Wildfires and Swimming Pools

Unfortunately, wildfires happen year after year. If you have wildfires in your region, the soot and smoke in the air can leave ash in your pool creating a perfect environment for chemical inefficiencies and stress on equipment. As a rule of thumb, if you can smell smoke or see a haze in the sky, it’s getting into your swimming pool too.

If ash gets in your pool, this debris either needs to be filtered or vacuumed out of the pool. There are no shortcuts to this, as physically cleaning the pool will be the best way to get large particles out of the water. Furthermore, fire debris can contain organic carbon, phosphorus, and nitrogen.  These can potentially create a phosphate and a nitrate problem for your pools. Phosphates and nitrates can create massive chlorine demand.  Ash will also tend to be more alkaline, which can cause the pH of the water to increase. This debris is great for gardening, but not for our pools.

As a result, wildfires near swimming pools lead to an abundance of algae’s favorite nutrients (eutrophication) in swimming pools. It’s best to address ash directly, rather than hoping chlorine can handle it–because it cannot.
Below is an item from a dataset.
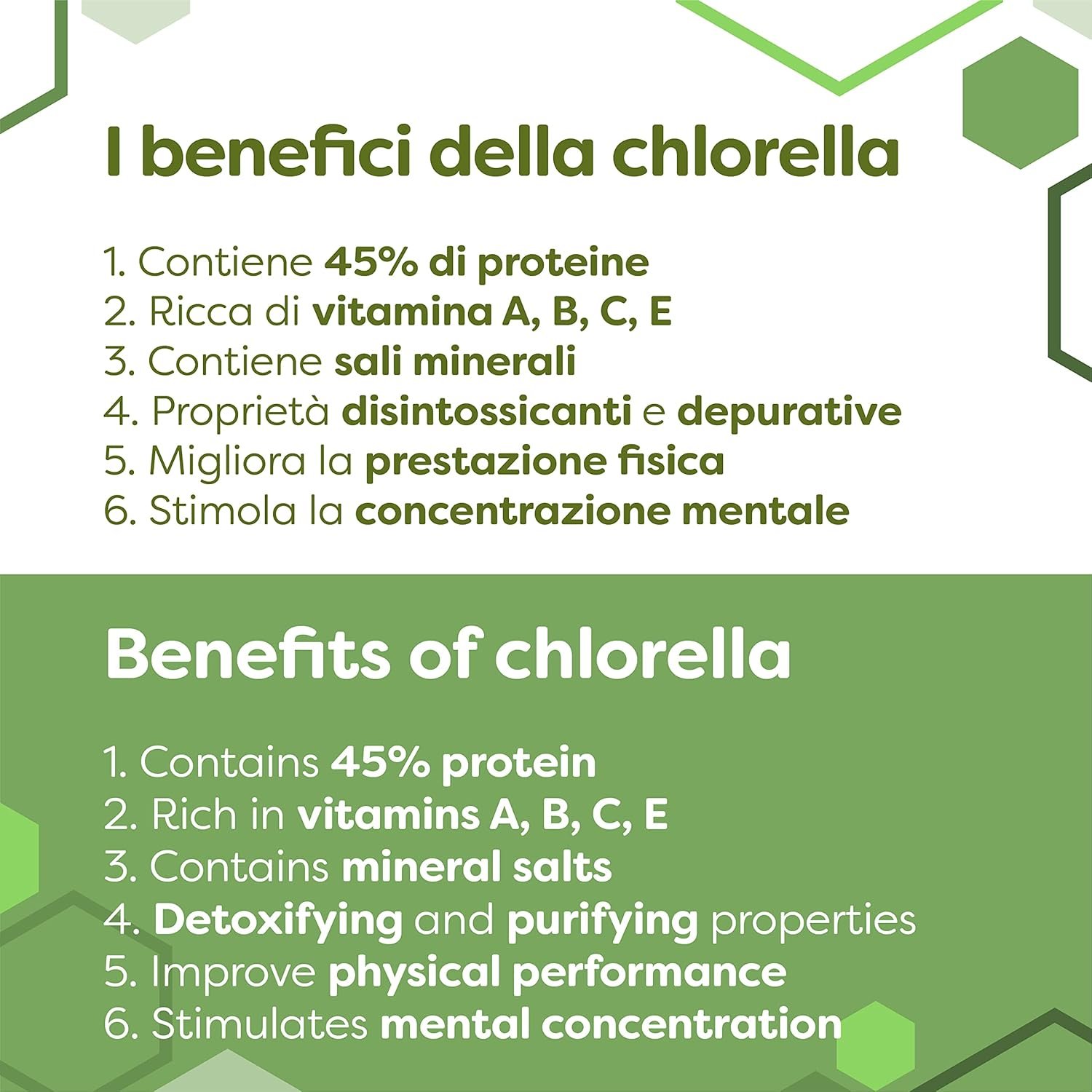 CHLORELLA – Chlorella is a unicellular green algae with a spherical shape, diameter of about 8 microns, contains chlorophyll and chloroplasts. It reproduces very quickly and is native to the brackish waters of equatorial Africa.

  1. Use a net to remove as much physical debris as you can. Pollen, ash, and other small debris are likely to go through the net and not be captured, and that is to be expected. Just remove what you can.
  2. Clean out the skimmer baskets.
  3. Once physical debris is out of the pool, purge with CV-600 or CV-700 (32 fl.oz./10,000 gallons) and PR-10,000 (8-16 oz./10,000 gallons), if your pool has not already been purged and maintained with enzymes this season.
    • If your pool has been maintained using enzymes already this season, your pool should be prepared to handle ash. Just increase the weekly maintenance dose as needed during wildfire season.
  4. Spray/broadcast CE-Clarifier (1 fl.oz./10,000 gallons) across the surface of the pool to accelerate particle filtration.

Filtering and vacuuming the pool will dramatically improve any chemical treatment you follow it up with. We strongly advise against any shortcuts to actually cleaning the pool. We also suggest cleaning the deck around the pool, perhaps with a garden hose to clear debris off the deck that may otherwise find its way into the pool after you leave.
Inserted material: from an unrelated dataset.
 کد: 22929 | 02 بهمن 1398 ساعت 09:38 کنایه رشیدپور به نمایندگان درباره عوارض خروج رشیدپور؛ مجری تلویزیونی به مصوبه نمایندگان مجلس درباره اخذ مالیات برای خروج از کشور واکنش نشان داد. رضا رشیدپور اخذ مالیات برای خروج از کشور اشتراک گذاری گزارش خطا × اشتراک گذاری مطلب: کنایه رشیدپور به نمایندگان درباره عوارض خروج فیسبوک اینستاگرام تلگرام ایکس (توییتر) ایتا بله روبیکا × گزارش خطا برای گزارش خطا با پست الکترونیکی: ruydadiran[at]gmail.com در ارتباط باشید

Just because you’re not in the direct line of danger does not mean your pool is not being affected. In the case of an otherwise clean looking pool, we suggest testing water for phosphates and nitrates anyway. These things may go unseen but can impact your pool chemistry. We suggest you err to the side of caution and test your water for these micronutrients.

Good luck out there, and if the blaze is headed your way, don’t wait…be safe and evacuate.